Politically, our government is about to be run by Fox News’ daytime lineup. The quality of Trump’s cabinet nominees would make most hiring managers fall out of their ergonomic chairs with laughter. But, with enough money and threats, many of them seem destined for confirmation. Is our world safer with Pete Hegseth as Secretary of Defense? His best arguments for the job are 1.) I promise I’ll quit drinking and 2.) it wasn’t, technically, rape. Or Kash Patel as head of the FBI? Or Pam Bondi as Attorney General? Or putting RFK Jr. in charge of the Department of Health and Human Services? Seriously? The anti-vaccine brain worm guy? We will soon be led by the least of us. My worry is not just that I disagree, vehemently, with many of these people’s qualifications and outlooks, but that in a complex and dangerous world, they will leave us vulnerable and unprepared.
A new Roaring Twenties
With Trump’s return, we seem on the cusp of a new era of freewheeling, winner-takes-all debauchery. If the past 15 years following the Supreme Court’s Citizens United ruling represented a new Gilded Age, we may now be entering a new Roaring Twenties. And while the flappers, speak easies, and stock market booms were all fun and exciting, they were also noisy distractions from the rot and dysfunction underneath that, ultimately, led to a crash.
For now, America is once again a place where might makes right and only money is allowed to talk. Mao Zedong once said “Political power grows out of the barrel of a gun.” In Trump’s America, we might say political power grows out of the zeroes in your bank account.

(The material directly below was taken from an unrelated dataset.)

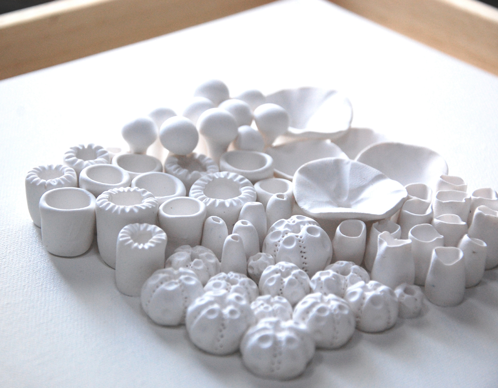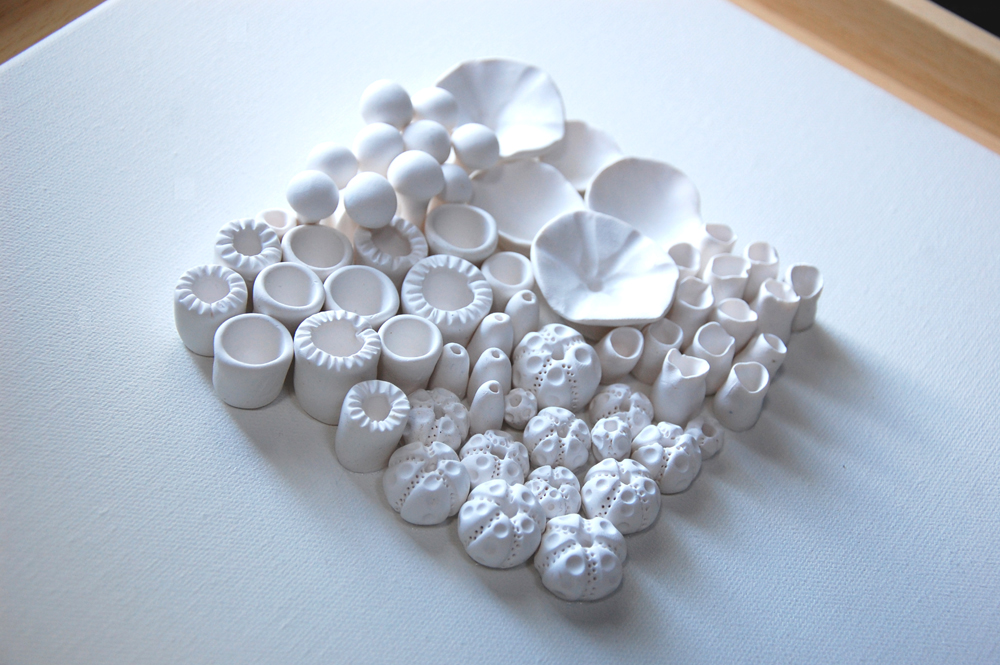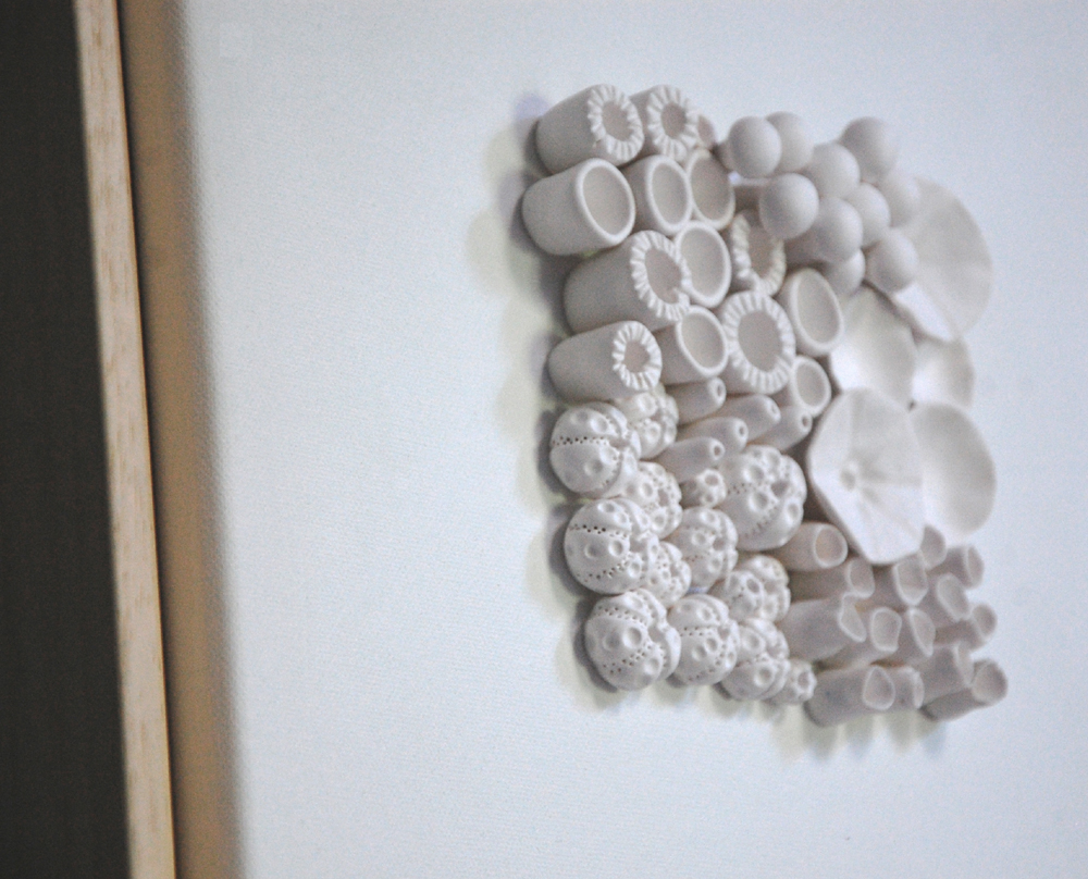 Dimensional Coral Reef Wall Art, Framed Clay Sculpture Minimalist Coastal Decor

What comes next? I don’t know, but I’m worried. Trump’s administration will not be all good or all bad, but it could certainly be bad for a lot of us. What can we do? Hold on to the good things in our lives and within ourselves. Practice good citizenship. Stay engaged and pay attention, but don’t make yourself sick. Remember the kind of America you want to live in and do what you can to cultivate it back into existence. Do not be bullied into silence or submission and do not accept the devil’s bargain of our times to trade apathy for convenience. We are living through an epochal change. Our job is to safeguard and shepherd the history, values, and culture we hold dear to the other side. In the meantime, have courage, have patience, and have hope.
America sowed the wind by electing Trump a second time. Today, we reap the whirlwind.